Climbing out of the SUV, Dieter wishes he had a fucking drink. Something, especially since Libby had been serious about no drugs when he got out of rehab this time. He scrubs his hands on his jeans and puts on a confident smile, faking what he doesn't feel. HIs hair is styled, his scraggly scruff trimmed and looking neater than usual, and he feels like he is about to twitch out of his skin. "This is it?" He asks, surveying the house. It's nice. A slice of suburbia.
“This is it.” She reminds him of your name quietly just in case there are lurking neighbors, and ushers him up to the front door. She knows with confidence that you will be the one to answer the door despite living with other people, and she waves a hand at it. “Show time, Dee.”

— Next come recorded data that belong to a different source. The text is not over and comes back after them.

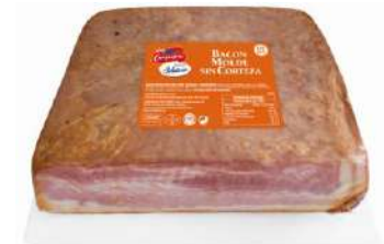
Bacon Molde sin Piel 1/2 Pieza 27709 2,1 kg 4 Ud. Caja CAMPOFRÍO
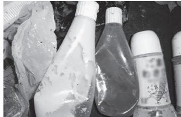
写真：資源化施設に持ち込まれた杉並区の非該当品
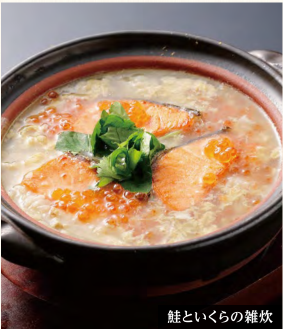
鮭といくらの雑炊
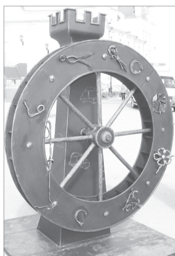
Вес нового арт-объекта составляет более 300 кг

Официальный старт фестивалю дал глава города Вячеслав Смелик.
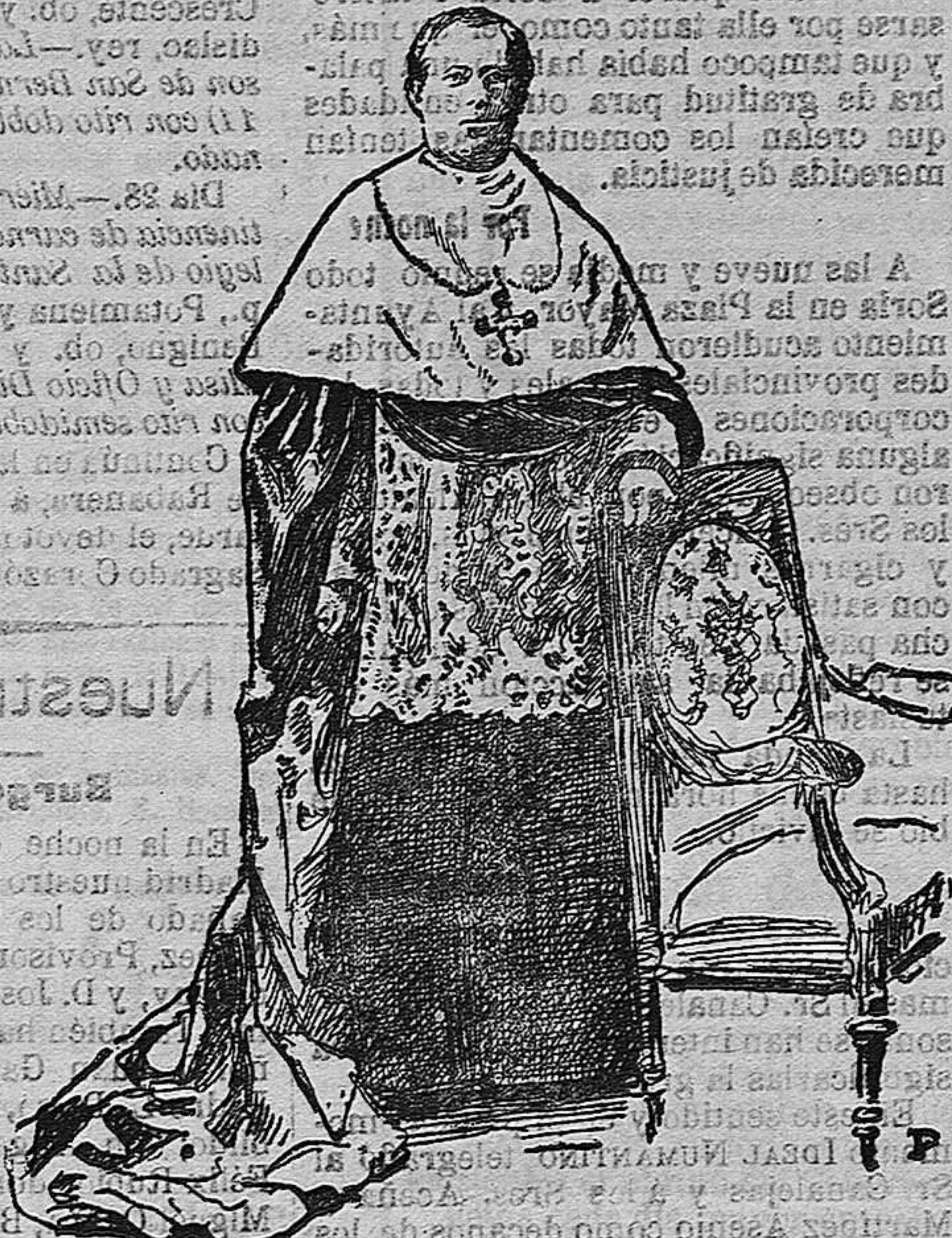
El Obispo de Namur

Presidente General de los Congresos Eucarísticos
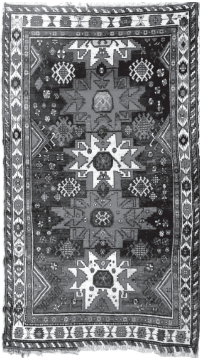
Халича “Лезги гъед”. И нехишди дуьньяда машгул лезги халичайрин жуьре лишанламишзава.

Исятда Дагъустан Республикада чпин асул везифайрик милли сеняткарвилерал машгул тир кархайриз куьмек гун акатзавай государстводин хейлин идараяр арадал гъанва. Инанмивилелди лугъуз жеда хьи, лезгийриз и рекъай, гъайиф хьи, са затни авач. Эгер чун къайгъудик тахъайтла, паталай атана, садни чи халкъдин адетдин сеняткарвилер квалачел ахкъулдиз эгечдач. И месэлада Къиблепатан Дагъустандин вири районри къуватар сад авун, чи халкъдин милли сеняткарвилер арадал хкун патал сад тир милли стратегия туклуьрун чарасуз я. Зи фикирдалди, чи халкъдин чпиз и месэла талукъ тир ксари ва къуллугъчийри милли культура ва искусство вилик тухуник, лезги халкъдин яратмишдай мумкинвилер артмишуник чпин алахъунрин пай кутуни хъсан нетижаяр арадал гъида.
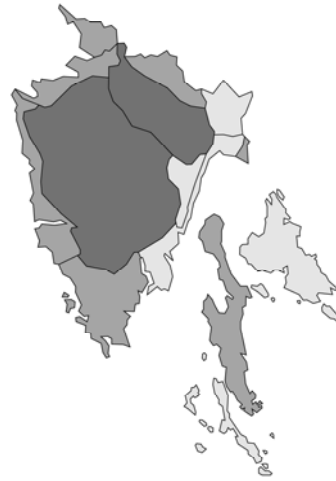
Abb. 32: Galeopsis angustifolia
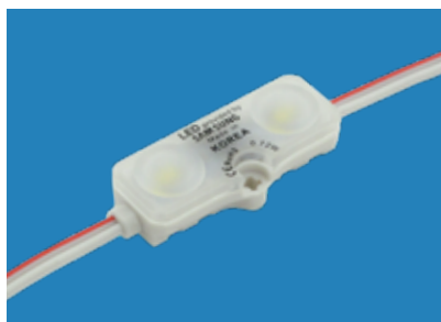
Led Sonic Samsung 2 LEDs
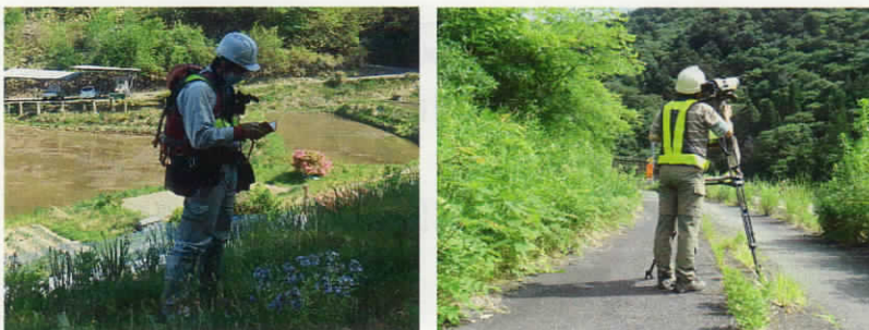
動植物調査の様子

○その他：調査にあたっては、身分証明書を携帯し、また調査員であることを示す腕章を着用いたします。また、駐車車両には、調査用車両と分かるように表示いたします。

Dieter clutches the flowers in his hands, they are supposed to be your favorites. Not that he actually knows that, he was just told to give these to you. He wipes his hand on his jeans and gives the camera a grin. "Nervous." He admits, not acting for that. "Meeting my soulmate is something I've looked forward to for a long time." He adds before he blows out a breath and rings the doorbell.
******
“Are we expecting someone?” You’ve been up for maybe half an hour now, just long enough to take a half-assed shower and throw on some clean clothes and graciously accept a cup of coffee from Steph before she tries yet again to grapple her daughter into the Mary Poppins Game, aka cleaning up all her damn toys.
Stephanie glances at the clock, trying to hide her own giddy sense of anticipation. "Oh! Uh, I think it might be the grocery order?" She offers. "I put it in last night, so we didn't have to go out unless we wanted to." It's a complete lie, but she needs you to not be suspicious when you open the door. "Will you get it while I finish up with stubborn?" She asks, nodding towards where Nora suddenly decided to organize all her doll clothes.
“Oh, cool. Auntie’s stayin home today.” You had planned on running the errand for Steph so she wouldn’t have to balance groceries and her four-year-old, but this is definitely better. Heading down the stairs from the second floor, you leave your coffee mug in the living room and walk through to the front door without a second thought.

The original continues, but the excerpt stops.